### Exercise instructions:
Print nothing but the lines from the start of the listing below through the line that contains "- L2: 5c, placca". Do not include the pictures.

### Data:
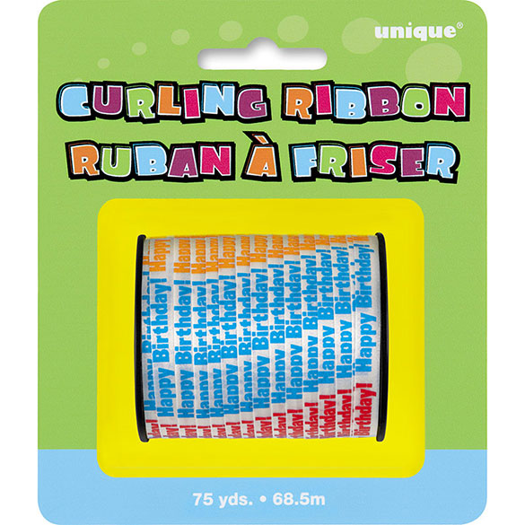 Rollo de cinta blanca con el texto Happy Birthday en colores 690 cm., ideal para atado de globos o para envolver paquetes de regalo.
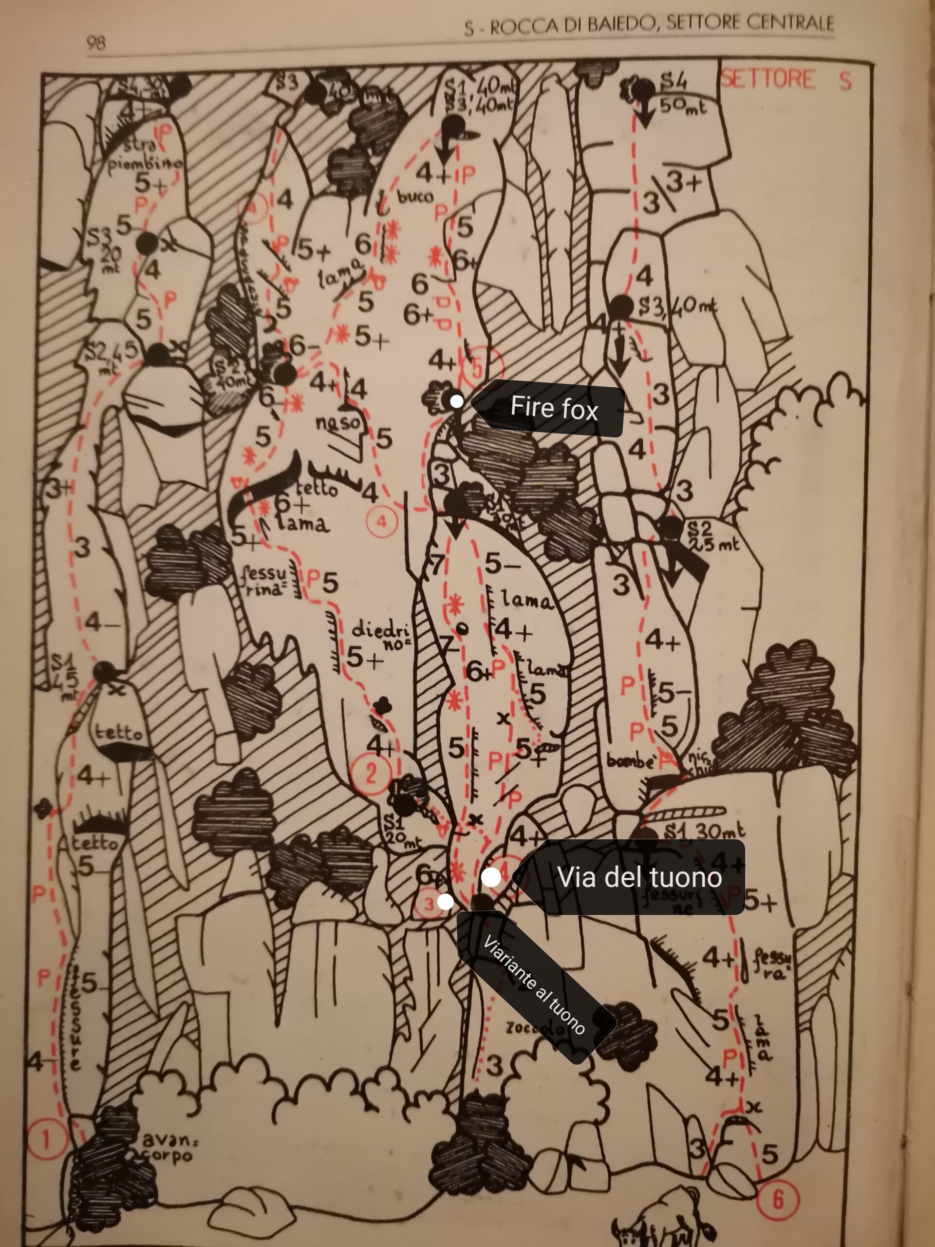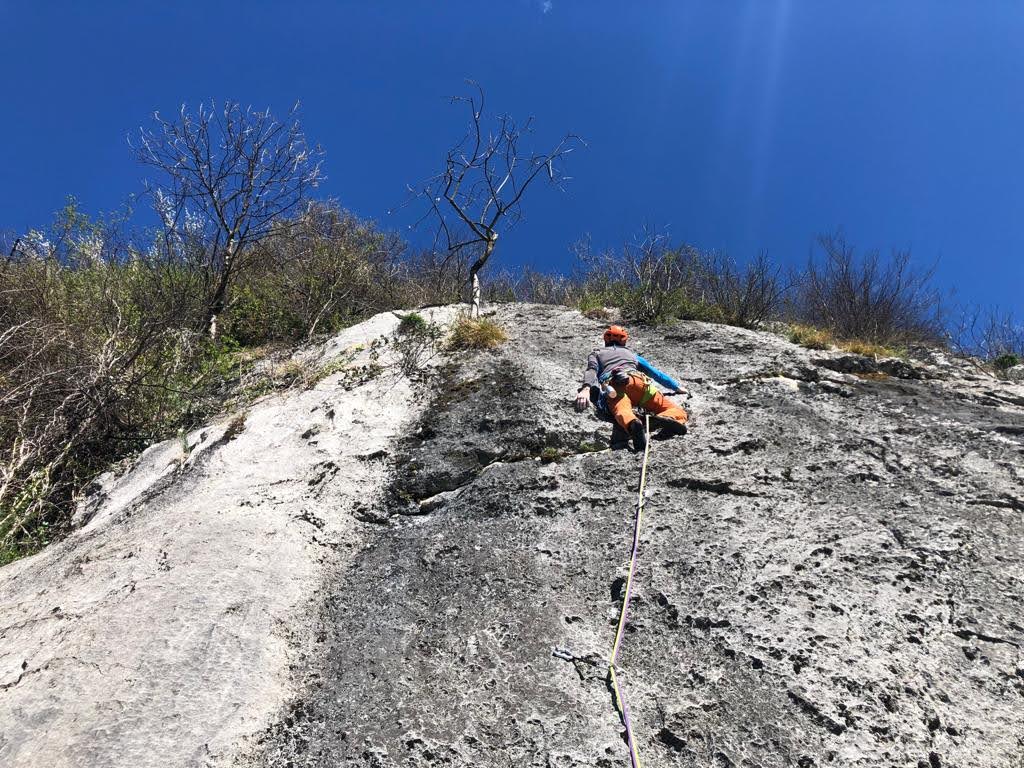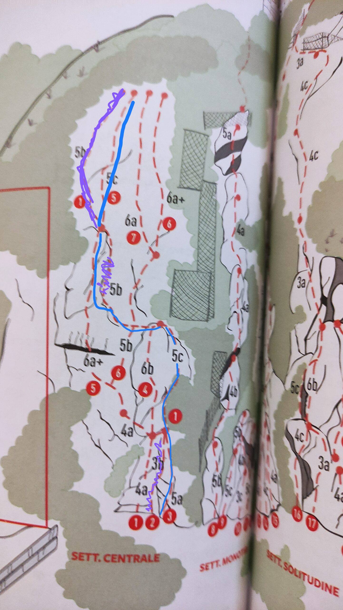 - L2: 5c, placca a buchi, qualche metro più delicato con buone correzioni per le mani ma con poco per i piedi fino ad acciuffare un sistema di fessure che porta ad una placca più appoggiata attraverso cui a sinistra alla sosta
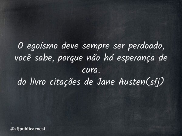 O egoísmo deve sempre ser perdoado, você sabe, porque não há esperança de cura. do livro citações de Jane Austen(sfj)
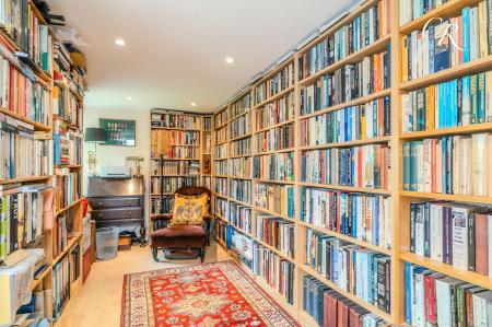 Library / Converted Garage: Currently used as a well-appointed library, this converted space offers extensive fitted shelving and recessed lighting, creating a peaceful environment for reading or working from home. The room offers flexibility to suit individual needs whether as a study, studio, or hobby room.
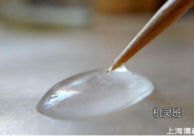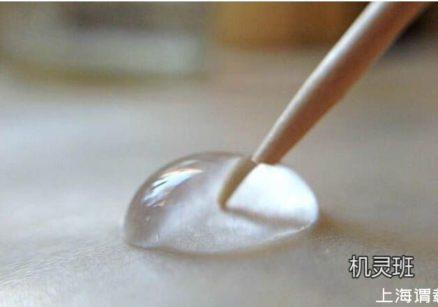 引申实验,在水滴上放置1滴油,把它们混合在一起后,再用干净的牙签戳混合后的液滴,看看此时会发生什么现象。然后用蘸有洗洁精的牙签戳混合后的液滴,看看又会出现什么现象。
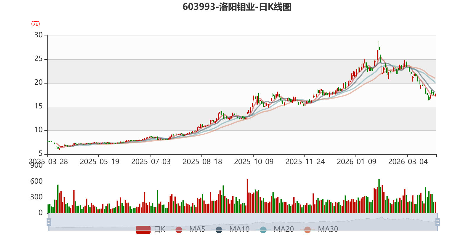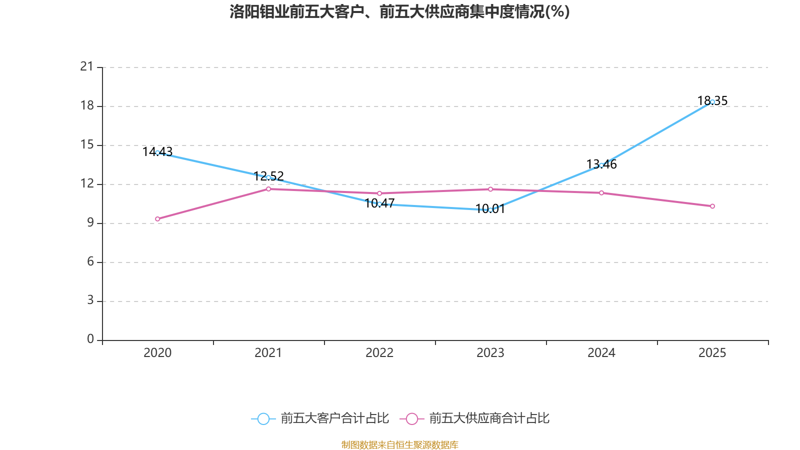 中证智能财讯洛阳钼业(603993)3月28日披露2025年年度报告。2025年,公司实现营业总收入2066.84亿元,同比下降2.98%;归母净利润203.39亿元,同比增长50.30%;扣非净利润204.07亿元,同比增长55.56%;经营活动产生的现金流量净额为208.43亿元,同比下降35.64%;报告期内,洛阳钼业基本每股收益为0.95元,加权平均净资产收益率为26.61%。公司2025年度分配预案为:拟向全体股东每10股派现2.86元(含税)。
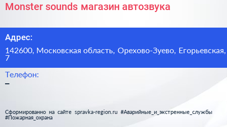Monster sounds, магазин автозвука по адресу 142600, Московская область, Орехово-Зуево, Егорьевская, 7 в дальнейшем Организация, размещена в следующих категориях:
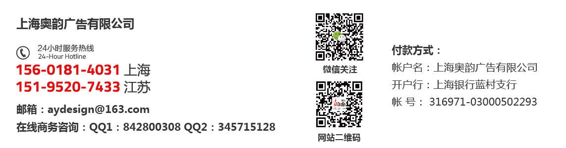 奥韵广告10多年来先后为江苏、浙江、广东、上海、广州、山东、安徽、辽宁、河北、江西、广西、湖南、山西、陕西、宁夏、云南、湖南、四川、贵州、河南等省市地区提供集团logo设计商标标志设计,企业vi形象包装设计,宣传画册设计,网页开发及品牌营销策划服务。长期致力于探索策略与设计之道,以策略为先导,提供从策划设计到制作落地的综合性服务。专注品牌策划,释放品牌影响力!先后服务过的行业涉及机械制造,物流仓储,新能源新材料,电力电气,生物医药,工业设备,教育咨询,IT科技,环保绿化,照明灯具,金融投资,家居建材,酒店餐饮,房地产,汽车,模具五金,工程建筑,水处理,大气污染治理等诸多领域。 |
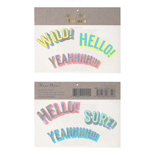 Fab slogan tattoo pack by Meri-Meri. These cool tattoos come with crazy slogans in bright colours, embellished with iridescent foil. Wild, Hello & Yeah slogans. These temporary tattoos are perfect for parties and party bags.
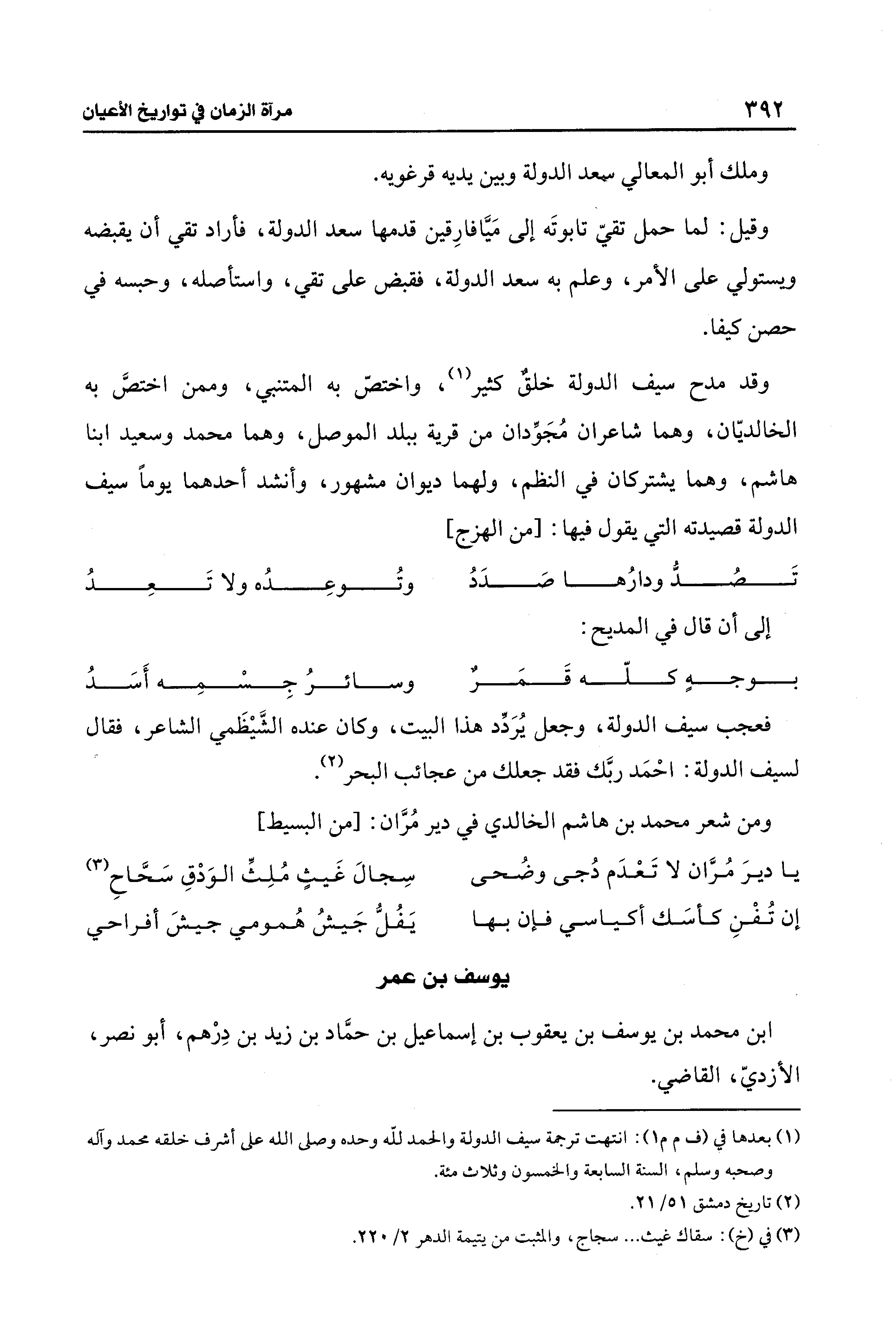 وقد مدح سيف الدولة خلق كثير (¬1)، واختصّ به المتنبي، وممن اختصَّ به الخالديّان، وهما شاعران مُجَوِّدان من قرية ببلد الموصل، وهما محمَّد وسعيد ابنا هاشم، وهما يشتركان في النظم، ولهما ديوان مشهور، وأنشد أحدهما يومًا سيف الدولة قصيدته التي يقول فيها: [من الهزج]
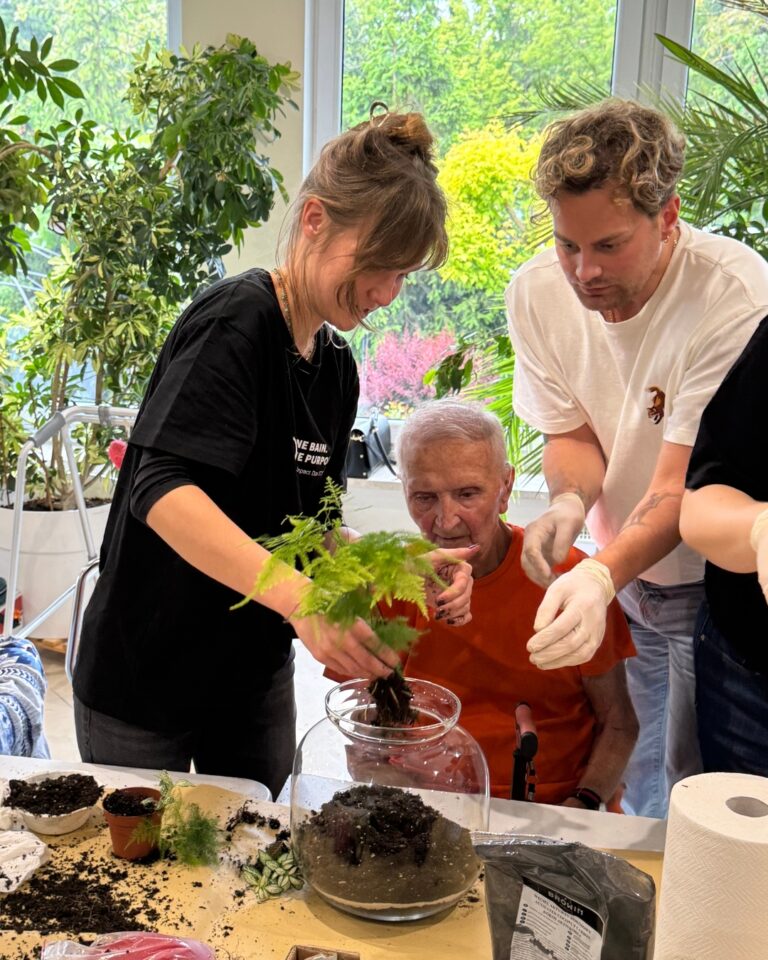 Plantar, colocar musgo y piedras, seleccionar las composiciones — todo ello requirió precisión, paciencia y compromiso. Fue también una forma excelente de conectar con la naturaleza y reflexionar sobre el equilibrio que proporciona el entorno natural. Para las personas mayores, fue una valiosa oportunidad de crear algo bello que les acompañará durante mucho tiempo, como adorno para la habitación y como recuerdo de un día compartido.

### Expected answer:
 Rollo de cinta blanca con el texto Happy Birthday en colores 690 cm., ideal para atado de globos o para envolver paquetes de regalo.
 - L2: 5c, placca a buchi, qualche metro più delicato con buone correzioni per le mani ma con poco per i piedi fino ad acciuffare un sistema di fessure che porta ad una placca più appoggiata attraverso cui a sinistra alla sosta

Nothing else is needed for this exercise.